Moving away from manual gating
There are several steps during the flow cytometry data life cycle, including processing. This is built on the principle of gating, which groups cell populations based on common characteristics, and is necessary for the visualization of correlations in multiparameter data.
The standard processing method used by many laboratories is manual gating. This means that processing takes around 15-30 minutes and transferring data needs to be managed manually through software packages and people. It is a lengthy process with no guarantee of valuable insights following the hard work undertaken by analysts and scientists.
Alternatively, scientists can instead turn to technology that helps streamline their data extraction and analysis. For example, automated gating offers a new computational approach for flow cytometry processing, with significant gains compared to the manual method.
The advanced technique offers great advantages to scientists when processing their data, including reducing the hands-on processing time for every analysis while retaining control. Through using supervised machine-learning algorithms to apply gates individually for each file, automated methods can mimic human gating strategies. Cumulatively, the automated process is more efficient in reducing time-spent and subsequently reduces overall costs.

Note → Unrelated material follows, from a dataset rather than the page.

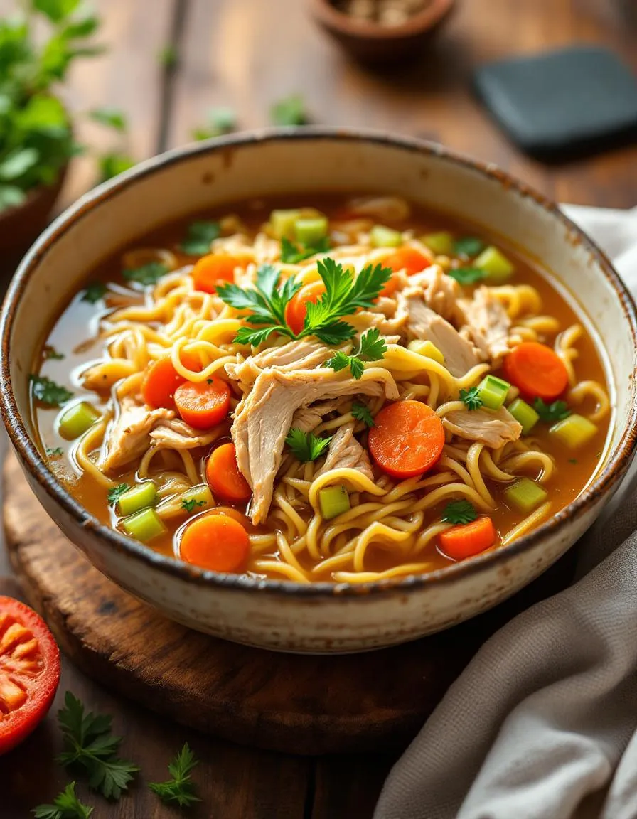 Start by heating a large pot over medium heat and drizzle in a bit of olive oil. Toss in diced onions, carrots, and celery, then stir them until they soften, about 5 minutes. Next, add minced garlic and sauté for another minute until fragrant. Pour in low-sodium chicken broth, then drop in boneless, skinless chicken thighs for richer flavor. Bring the mixture to a gentle boil, then reduce the heat and let it simmer for 20 minutes. Meanwhile, shred pre-cooked rotisserie chicken if you’re short on time—this cuts cooking down significantly. Once the thighs cook through, remove them, shred the meat, and return it to the pot. Stir in egg noodles and cook until tender, about 8 minutes. Finally, season with salt, pepper, and fresh parsley. For a creamier texture, whisk in a splash of heavy cream at the end. Serve hot with crusty bread, and enjoy your Cozy Chicken Soup Recipe without the fuss.

Quality control is critical in highly regulated environments when data analysis is at stake. During manual gating, quality control is impractical for large-scale analysis due to the sheer volume of data. Automation of data analysis allows for computational filtering of individual files for low quality data, plus the identification and normalization of batch effects across larger datasets.
As with quality, data reproducibility is a key aspect of pharmaceutical research that can be compromised by manually processing data, as a result of subjectivity. Automated gating has an extremely high reproducibility rate -- unwanted variation is removed -- and consistency is increased during every step, from raw data to results. This means that valuable insights are easier to extract.
Facilitating data sharing
The automated process also facilitates a collaborative approach to data sharing, where data, pipelines, and current work can be shared within and outside of groups and organizations, with varying levels of permissions for data access. This allows the often-difficult process of sharing data through different platforms to be managed in one space. Ultimately the automated workflow boosts both productivity and efficiency, to gain valuable insights at a faster pace than before.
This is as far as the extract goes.